• [Task brief] Under this line sits a listing. Repeat exactly and only its lines from the one holding "Yatay Çizgi Detaylı Triko Tunik Lacivert" through the one holding "먼저, 북마크 표시 보이기/숨기기를 알려드리겠습니다."; skip pictures.

=== Section Start ===

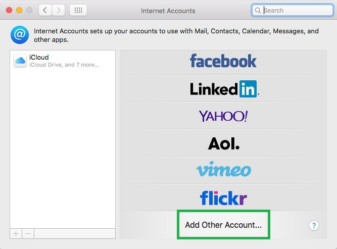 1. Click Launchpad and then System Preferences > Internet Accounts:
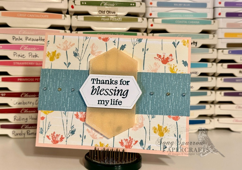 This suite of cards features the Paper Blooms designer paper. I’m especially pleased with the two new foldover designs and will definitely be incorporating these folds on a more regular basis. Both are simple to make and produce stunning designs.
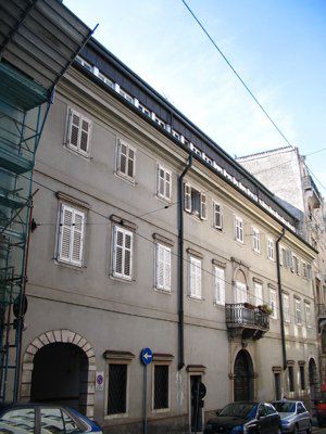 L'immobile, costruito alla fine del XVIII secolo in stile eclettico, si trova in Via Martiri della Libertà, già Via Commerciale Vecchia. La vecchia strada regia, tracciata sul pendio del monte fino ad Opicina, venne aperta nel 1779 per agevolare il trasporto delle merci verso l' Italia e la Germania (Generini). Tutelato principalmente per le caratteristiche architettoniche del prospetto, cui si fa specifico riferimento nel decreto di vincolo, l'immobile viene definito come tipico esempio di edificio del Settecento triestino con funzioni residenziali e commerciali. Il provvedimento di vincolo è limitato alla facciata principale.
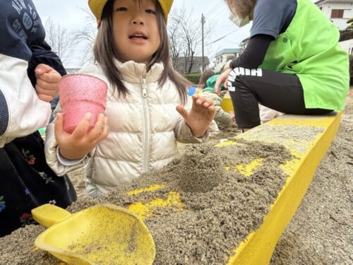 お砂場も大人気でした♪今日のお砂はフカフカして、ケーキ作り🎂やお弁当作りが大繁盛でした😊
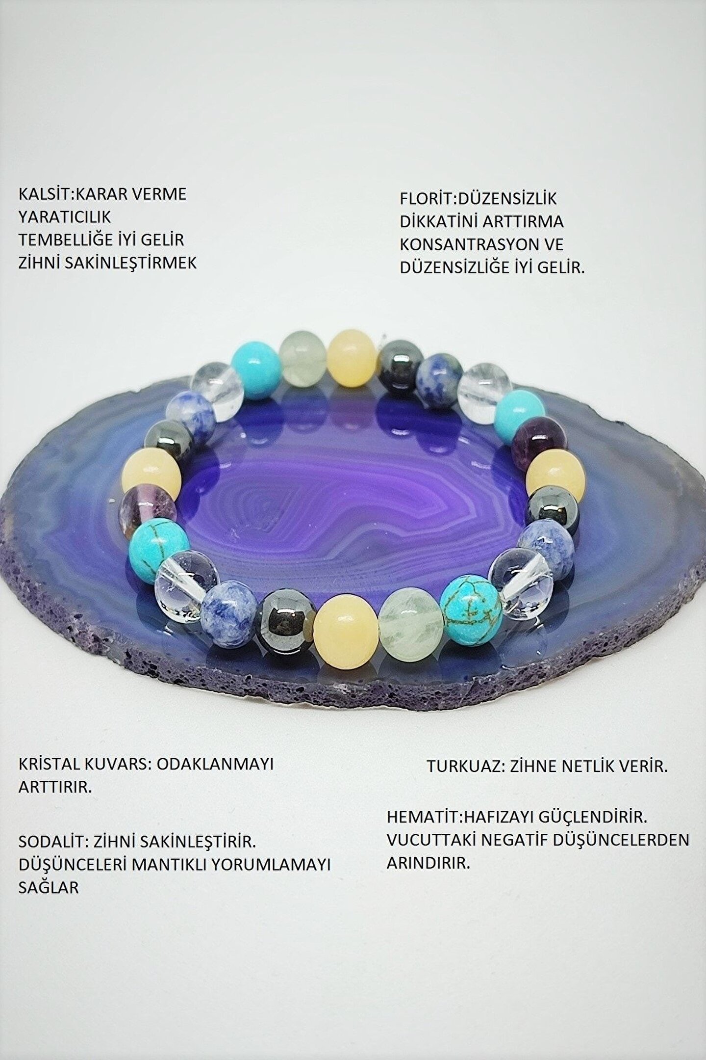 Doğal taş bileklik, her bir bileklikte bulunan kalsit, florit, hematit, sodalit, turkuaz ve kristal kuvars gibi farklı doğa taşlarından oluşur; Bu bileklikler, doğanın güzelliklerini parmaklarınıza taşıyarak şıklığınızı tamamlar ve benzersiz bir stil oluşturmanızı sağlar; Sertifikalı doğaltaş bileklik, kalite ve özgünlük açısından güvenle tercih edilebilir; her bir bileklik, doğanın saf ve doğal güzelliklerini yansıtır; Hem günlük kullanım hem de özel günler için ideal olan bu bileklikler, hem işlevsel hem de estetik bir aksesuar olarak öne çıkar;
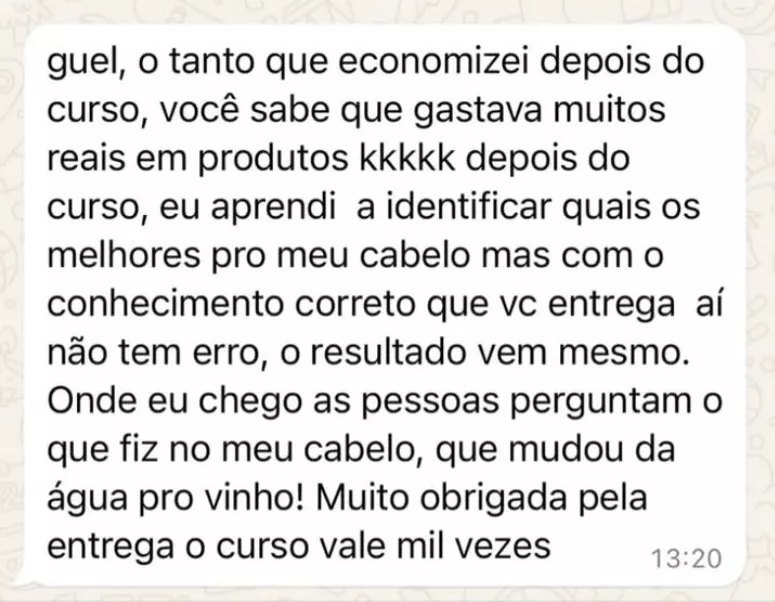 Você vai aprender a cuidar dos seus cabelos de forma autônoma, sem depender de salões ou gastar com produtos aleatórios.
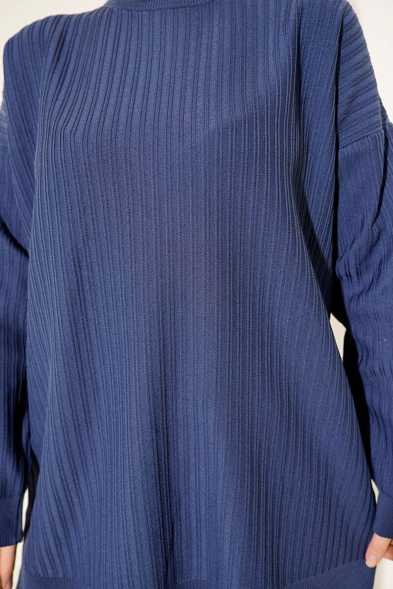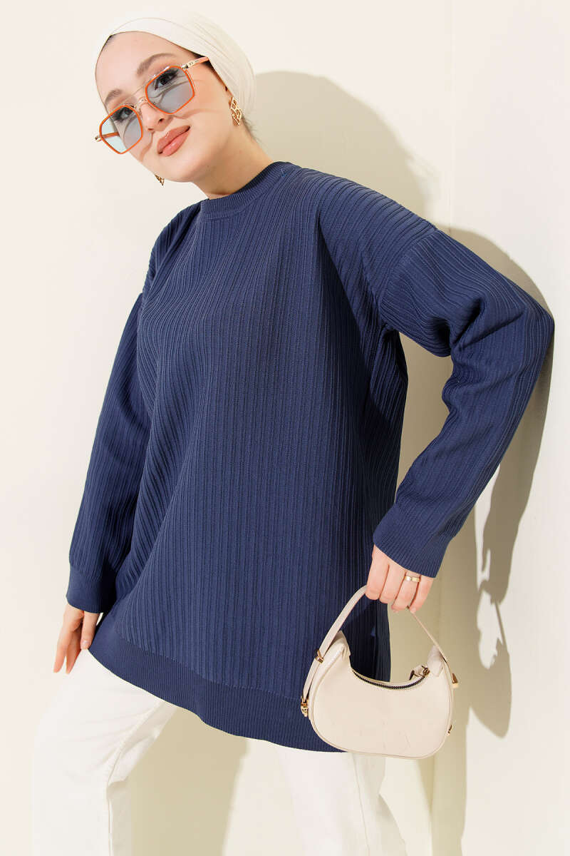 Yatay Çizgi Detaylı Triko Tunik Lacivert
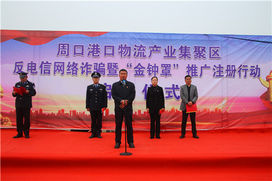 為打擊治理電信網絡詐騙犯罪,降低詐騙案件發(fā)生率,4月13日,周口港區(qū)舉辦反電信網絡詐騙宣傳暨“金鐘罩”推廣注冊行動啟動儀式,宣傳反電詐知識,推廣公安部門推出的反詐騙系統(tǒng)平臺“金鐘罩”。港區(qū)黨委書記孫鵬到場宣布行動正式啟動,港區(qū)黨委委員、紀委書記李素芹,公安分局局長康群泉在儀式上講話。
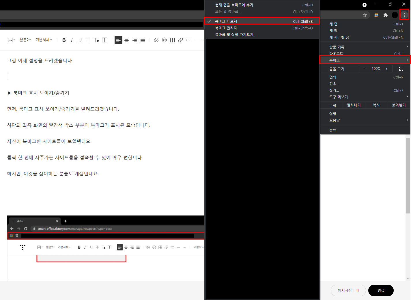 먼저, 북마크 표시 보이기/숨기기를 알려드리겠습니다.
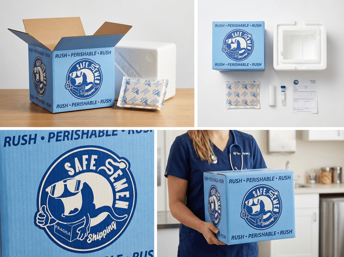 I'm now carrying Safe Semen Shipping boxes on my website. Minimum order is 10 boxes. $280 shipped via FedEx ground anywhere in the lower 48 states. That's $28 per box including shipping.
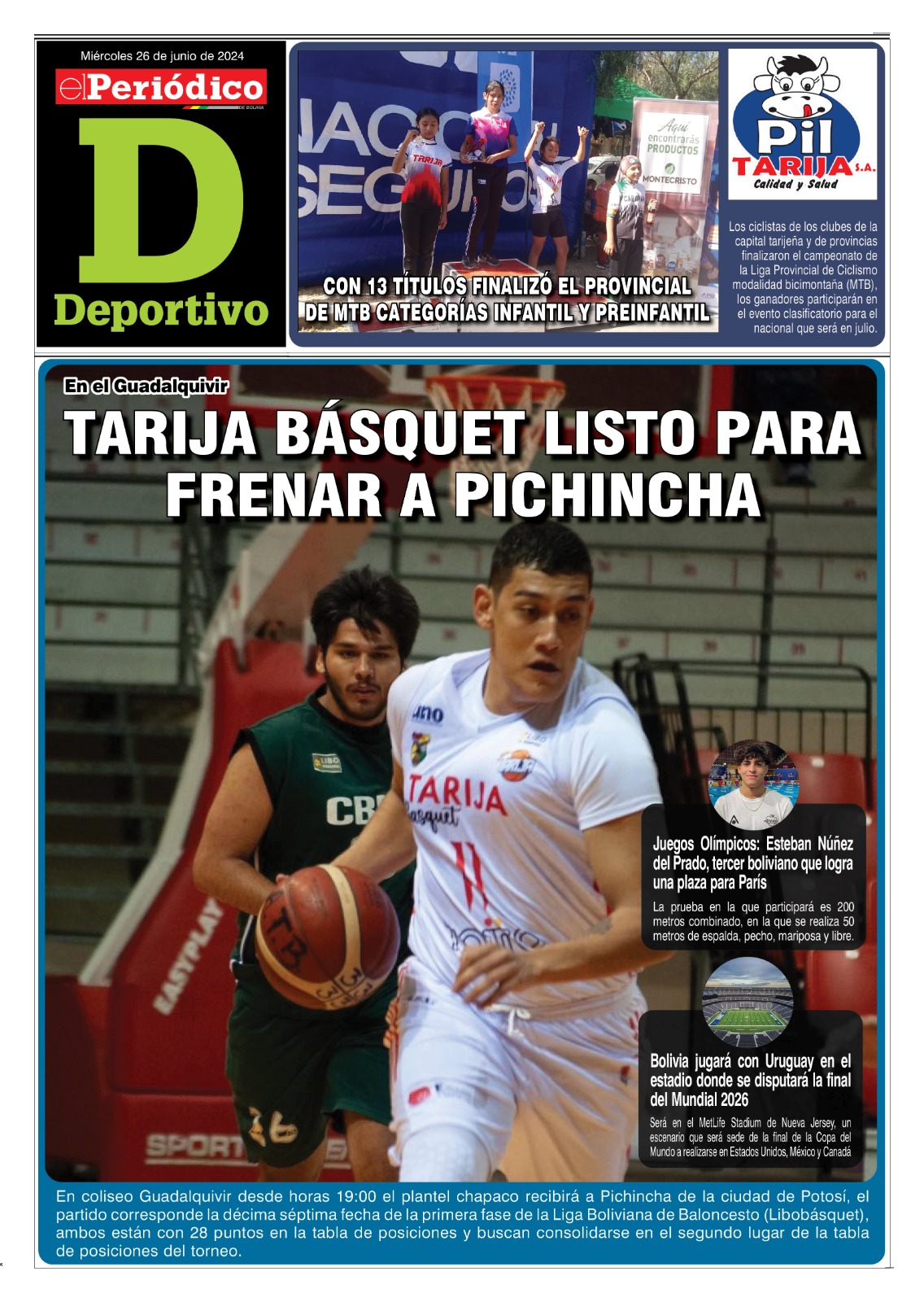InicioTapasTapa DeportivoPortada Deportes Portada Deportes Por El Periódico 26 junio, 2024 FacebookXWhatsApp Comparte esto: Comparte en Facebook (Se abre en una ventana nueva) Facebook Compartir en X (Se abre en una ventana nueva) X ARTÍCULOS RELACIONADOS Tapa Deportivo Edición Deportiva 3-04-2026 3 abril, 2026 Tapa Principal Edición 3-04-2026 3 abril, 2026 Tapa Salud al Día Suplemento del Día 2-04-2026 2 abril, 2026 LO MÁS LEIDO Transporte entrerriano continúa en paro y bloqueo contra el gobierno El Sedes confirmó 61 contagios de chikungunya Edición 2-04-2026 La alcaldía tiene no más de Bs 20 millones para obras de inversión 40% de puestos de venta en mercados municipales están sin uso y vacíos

=== Section End ===
=== Section Start ===

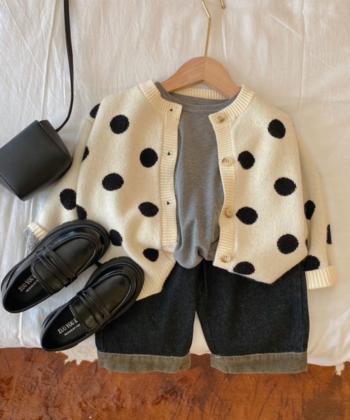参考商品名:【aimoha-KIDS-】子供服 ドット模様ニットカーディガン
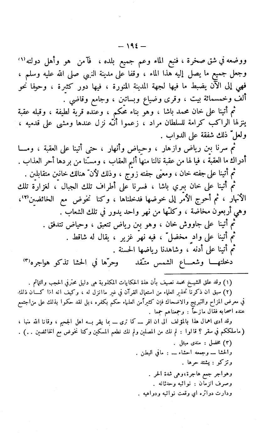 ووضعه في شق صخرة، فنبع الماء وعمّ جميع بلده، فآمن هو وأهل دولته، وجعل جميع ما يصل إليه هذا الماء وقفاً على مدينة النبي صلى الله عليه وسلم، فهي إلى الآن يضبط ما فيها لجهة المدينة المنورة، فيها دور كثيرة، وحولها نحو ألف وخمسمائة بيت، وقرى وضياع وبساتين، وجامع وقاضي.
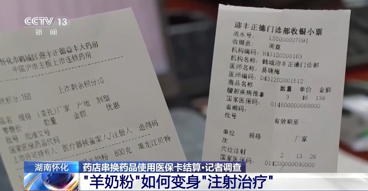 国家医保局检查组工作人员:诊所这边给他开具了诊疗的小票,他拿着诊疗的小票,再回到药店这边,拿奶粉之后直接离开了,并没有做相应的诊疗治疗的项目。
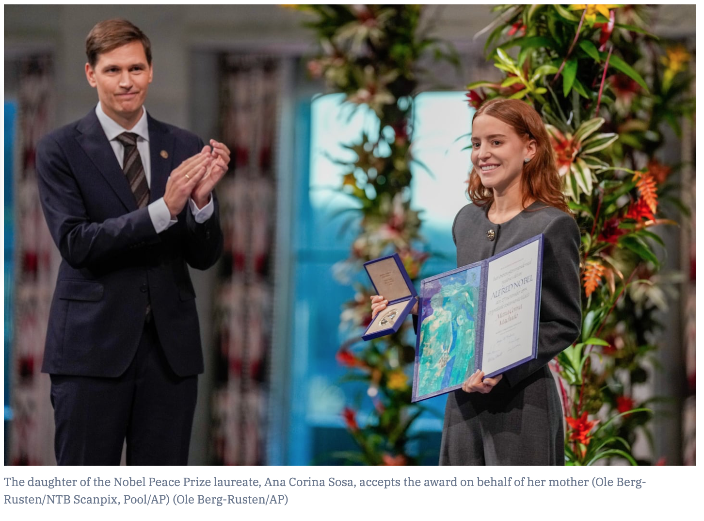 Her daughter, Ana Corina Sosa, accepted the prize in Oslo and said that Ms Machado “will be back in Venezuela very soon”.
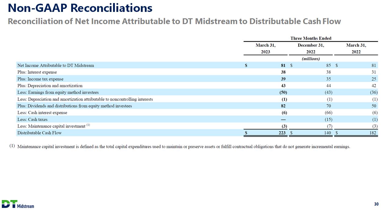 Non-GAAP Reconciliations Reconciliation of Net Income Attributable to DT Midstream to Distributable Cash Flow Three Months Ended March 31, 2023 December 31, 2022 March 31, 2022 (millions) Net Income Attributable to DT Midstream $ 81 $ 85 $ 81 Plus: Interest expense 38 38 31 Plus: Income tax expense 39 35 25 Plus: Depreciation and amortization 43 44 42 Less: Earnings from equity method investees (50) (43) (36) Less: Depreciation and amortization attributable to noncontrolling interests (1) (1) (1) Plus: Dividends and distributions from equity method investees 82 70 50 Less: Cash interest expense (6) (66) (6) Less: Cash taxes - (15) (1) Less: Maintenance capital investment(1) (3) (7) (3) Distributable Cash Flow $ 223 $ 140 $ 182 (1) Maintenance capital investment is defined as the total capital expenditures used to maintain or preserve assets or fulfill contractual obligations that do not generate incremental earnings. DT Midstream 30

=== Section End ===

• [Response]
 Yatay Çizgi Detaylı Triko Tunik Lacivert
 為打擊治理電信網絡詐騙犯罪,降低詐騙案件發(fā)生率,4月13日,周口港區(qū)舉辦反電信網絡詐騙宣傳暨“金鐘罩”推廣注冊行動啟動儀式,宣傳反電詐知識,推廣公安部門推出的反詐騙系統(tǒng)平臺“金鐘罩”。港區(qū)黨委書記孫鵬到場宣布行動正式啟動,港區(qū)黨委委員、紀委書記李素芹,公安分局局長康群泉在儀式上講話。
 먼저, 북마크 표시 보이기/숨기기를 알려드리겠습니다.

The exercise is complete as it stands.